= Nur University =

Nur University of Bolivia was established as a Baháʼí school of higher education in and started its first academic year in April 1985.

==History==
Following development of the Foundation for the Integral Development of Bolivia (FUNDESIB) in 1982, Nur University received Presidential Decree No. 20441 authorizing its establishment as a private university. It began offering undergraduate programs in 1985 and became Bolivia's first graduate college in 1994.

In 1996, Nur trained 2000 rural teachers as agents of community development in Bolivia and 300 teachers in the La Rioja Province in Argentina.

The Bolivian Ministry of Education, Culture and Sports contracted Nur in 1999 to strengthen the academic and administrative capacities of two state teachers colleges: INSPOC in Camiri and INS Rafael Chávez Ortiz in Portachuelo.

The university has 4,000 registered students in 17 undergraduate and graduate programs offered full- or part-time or through distance education.

==Accreditation and honors==
In 2000 the university received the highest distinction granted by the Santa Cruz Municipal Government, the Municipal Merit Medal, given for the community service work developed by the university through UNIRSE (University Students in Service to the Community). That same year Nur University received the "Pioneers in Education" prize, granted by the Bolivian Center for Research and Educational Action.
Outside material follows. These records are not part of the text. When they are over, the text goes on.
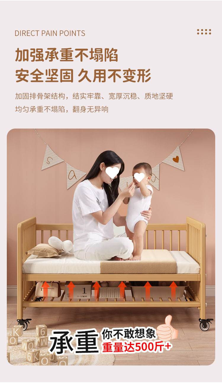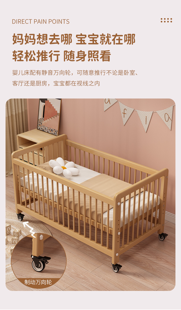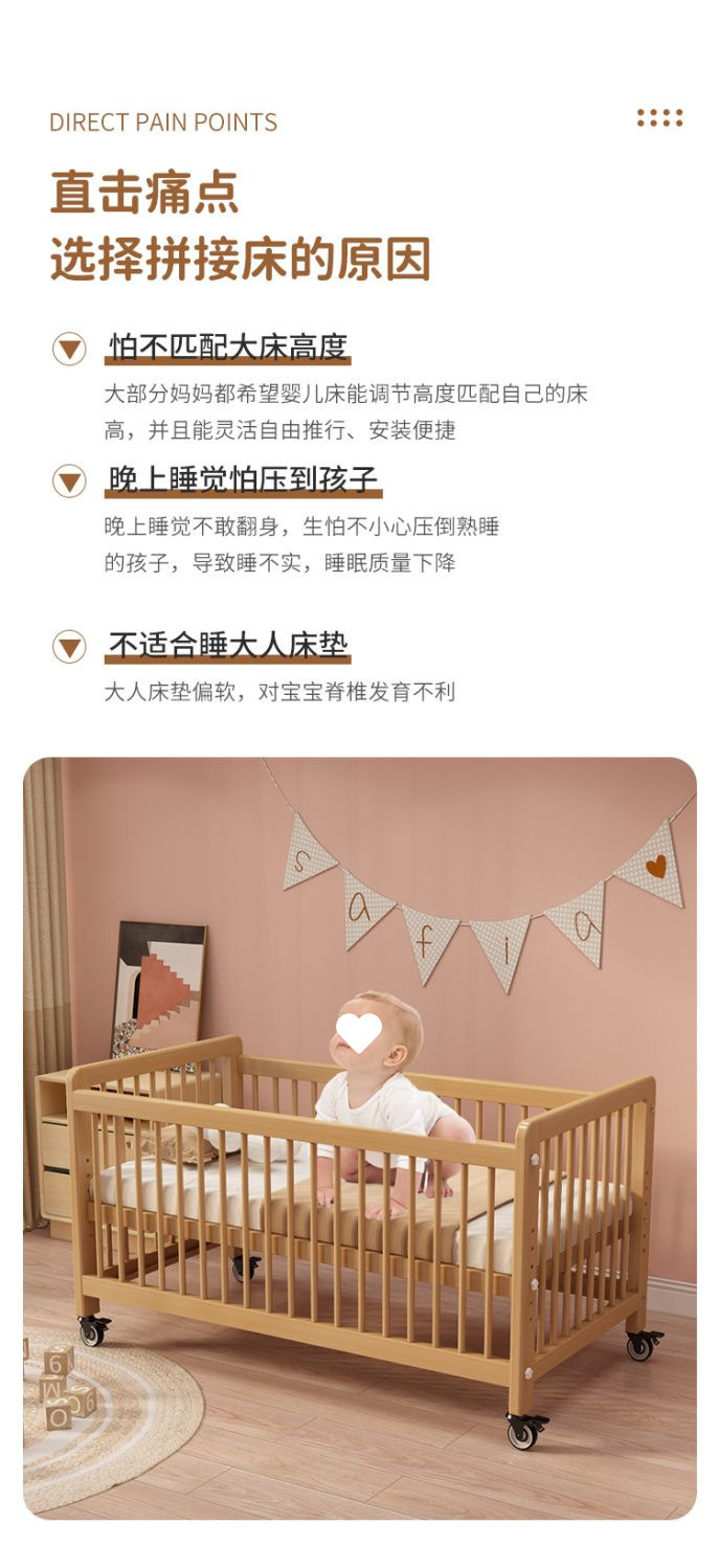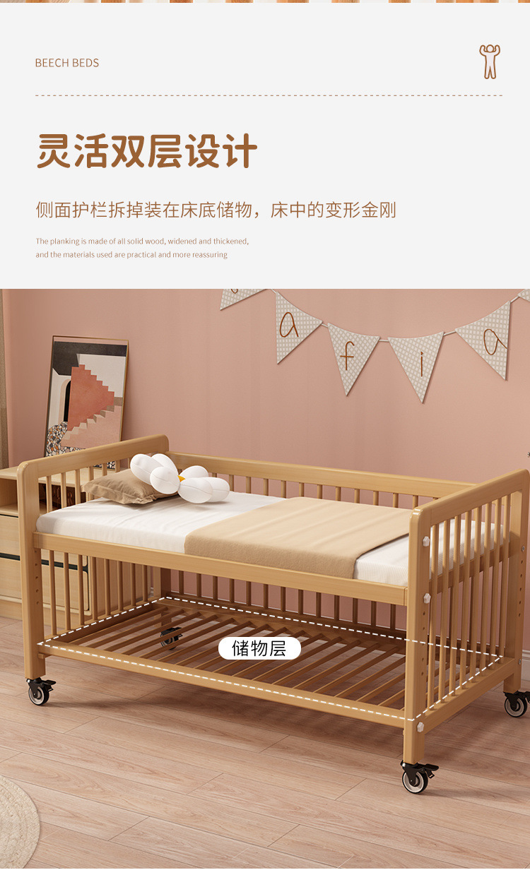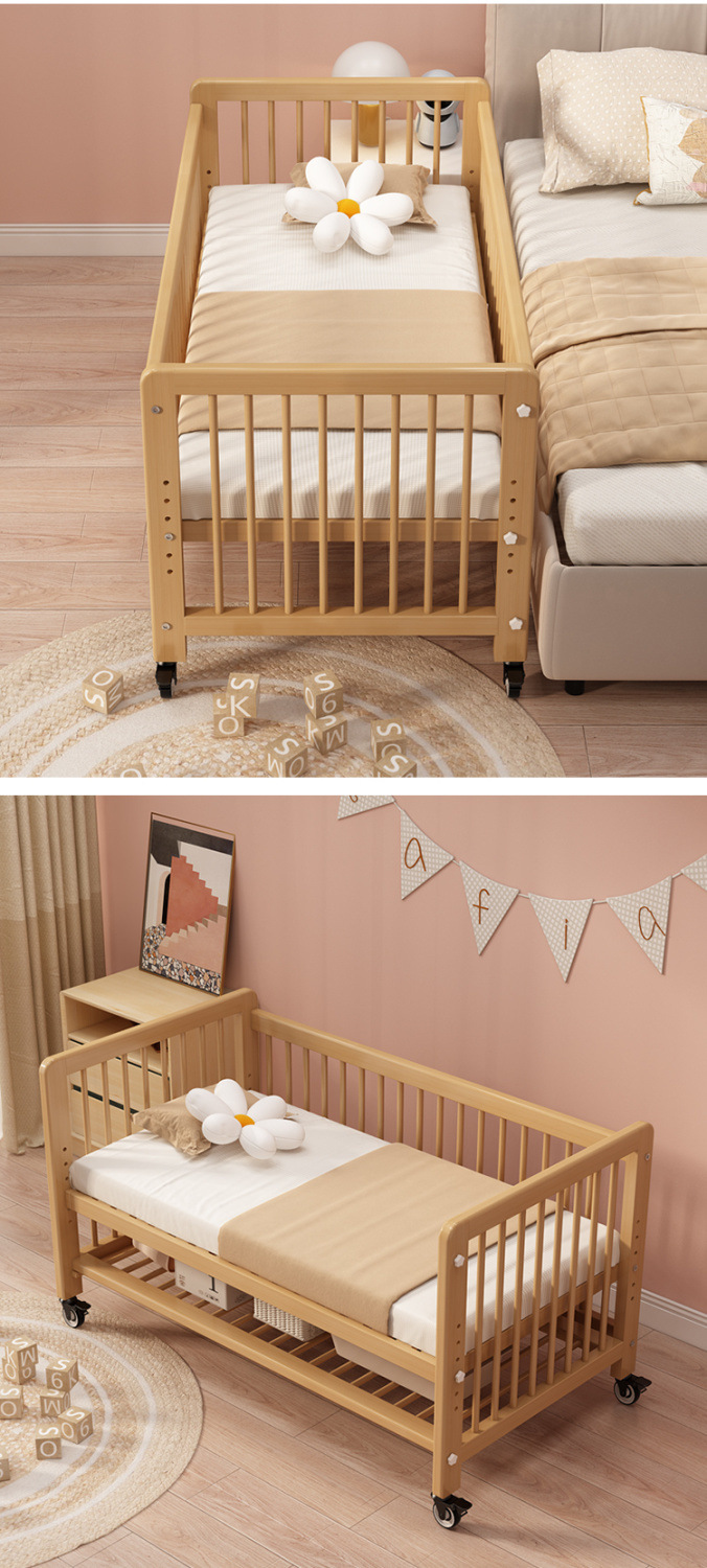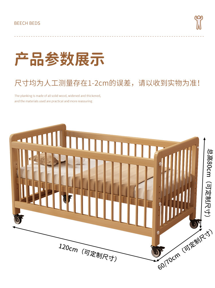 [Полностью буковое дерево] кроватка. Регулируемая высота. Съемный; [Полностью буковое дерево] детская кроватка.детский матрас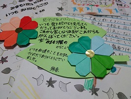 さて話は変わりますが昨日、帰宅すると近所の小学生から見守り隊へのお礼の手紙が届いてました。近年、父母師会の皆さんも朝、見守り隊と一緒に子ども達を見送っています。この体制はお互いいろいろな情報交換もできたいへんいいことではないかと感じています。最近では集団登校中に事故が起きている事もよく耳にします。今後も子ども達が安全で安心して登下校ができるよう私も協力して参りたいと思います。また朝一番の子ども達の元気な挨拶もとても清々しいものです。いただいた感謝の手紙、今年もまた私の宝箱に入れさせていただきます。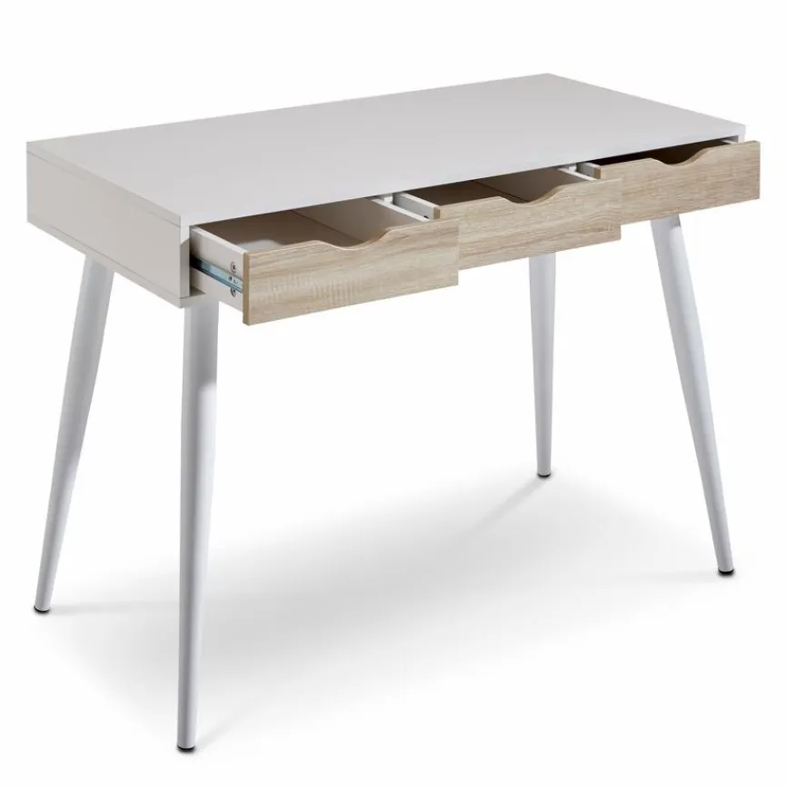 Da macht Arbeiten Spaß! Der Schreibtisch Neptun bietet durch seine außergewöhnliche Linienführung in den Schubladen nicht nur ausreichend Stauraum sondern ist auch noch das optisches Highlight einer jeden Schreibecke. Der Korpus ist trotz der lichten Schönheit robust gestaltet und kann problemlos gesäubert werden. Die formschönen Beine verleihen dem Schreibtisch Neptun eine Leichtigkeit und Transparenz, die sich fast jedem Arbeitsplatz anpasst.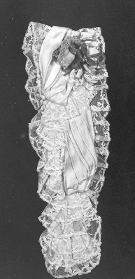 Jabot van machinale kant en beige zijde en bloemcorsage. Op te spelden met veiligheidsspeld, en vast te zetten in de taille. Waarschijnlijk heeft de jabot als voorkant bij een japon gehoord.- Trefwoorden

In 2001, the Ministry of Education, Culture and Sports called upon all the private universities in the country to submit to an evaluation process in accordance with the new private university regulations, in which Nur was evaluated as a "Full University".

In 2002 Nur University was selected as a "Center for Educational Excellence" for the Andean region: an initiative launched at the Summit for the Americas, supported by the United States Agency for International Development (USAID).